Craig would go back there sometimes. I’d be sitting with my burger and pop, and he’d be back there for almost an hour.
“Can I get you something?” the woman behind the bar asks.
“Uh, sure. Can I get a whiskey sour?” I step up to the bar and settle on the stool.
“Sure thing.” She goes to work on making the drink, while I turn slightly to take in the bar. There’s a pool table in the corner, dartboards on the walls, and a mixture of high-top tables and booths spread throughout. But most people are at the bar, murmured conversations between men on the stools, sipping on beers while watching the Cubs game on the TV screens.
Everything around me is familiar. I’ve been here. I remember being here. I played pool on that table. Craig taught me how to throw darts on those boards. But the memories I want to come back are still light years away.
“Here you go.” The bartender slides my drink to me on a napkin. I hand her a few bills and tell her to keep the change.
The front door opens, and the afternoon light pours in. A few men walk past me, talking amongst themselves and head back through the same hallway.
“Hey, Jacek.” One man at the corner of the bar sticks his hand out to shake one of the newcomers’ hands. He stops, they chat quickly, a hushed conversation that ends with an eruption of laughter.
I reach for my glass while keeping an eye on them. I can’t hear them, but there’s something familiar about the man at the bar.
Instead of grabbing my drink, I end up knocking it over.
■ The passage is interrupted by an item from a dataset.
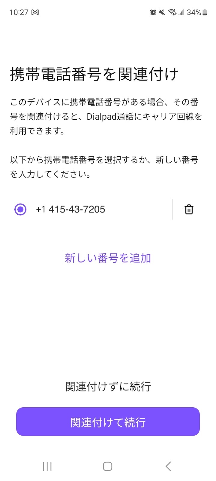 [関連つけずに続行] を選択すると、インターネット接続時のみの着信・発信となります。

“Shit!” I jump off my stool as the liquid quickly rolls toward me. I grab all the napkins I can find and try to clean it up.
“It’s all right. No problem.” The bartender’s back with a towel helping me mop it all up. “You want another?” she asks.
I hand her the wet napkins I have balled in my hands.
“Yeah, sure.” I pick up the stool I knocked over when I leapt off and sink back on it. When I look up again, I realize I have an audience. The men at the corner of the bar are watching me and leaning toward each other talking.
I try to ignore their stares, and when the bartender brings me my new drink, I turn away a little. I’m here to search for memories locked away in my head somewhere, not get the attention of the locals.
Sipping my drink, I try again to make connections between old memories and those that I’ve lost. Nothing is happening other than me missing my brother even more. And this neighborhood. I grew up here.
I haven’t been back in seven years, since Craig passed away and Mom took me down to Lincoln, Nebraska. She said it was safer for us there, and being all of fifteen, I didn’t have a choice.
Things are different now. And I want my life back.
I want the blank spot in my memory filled in.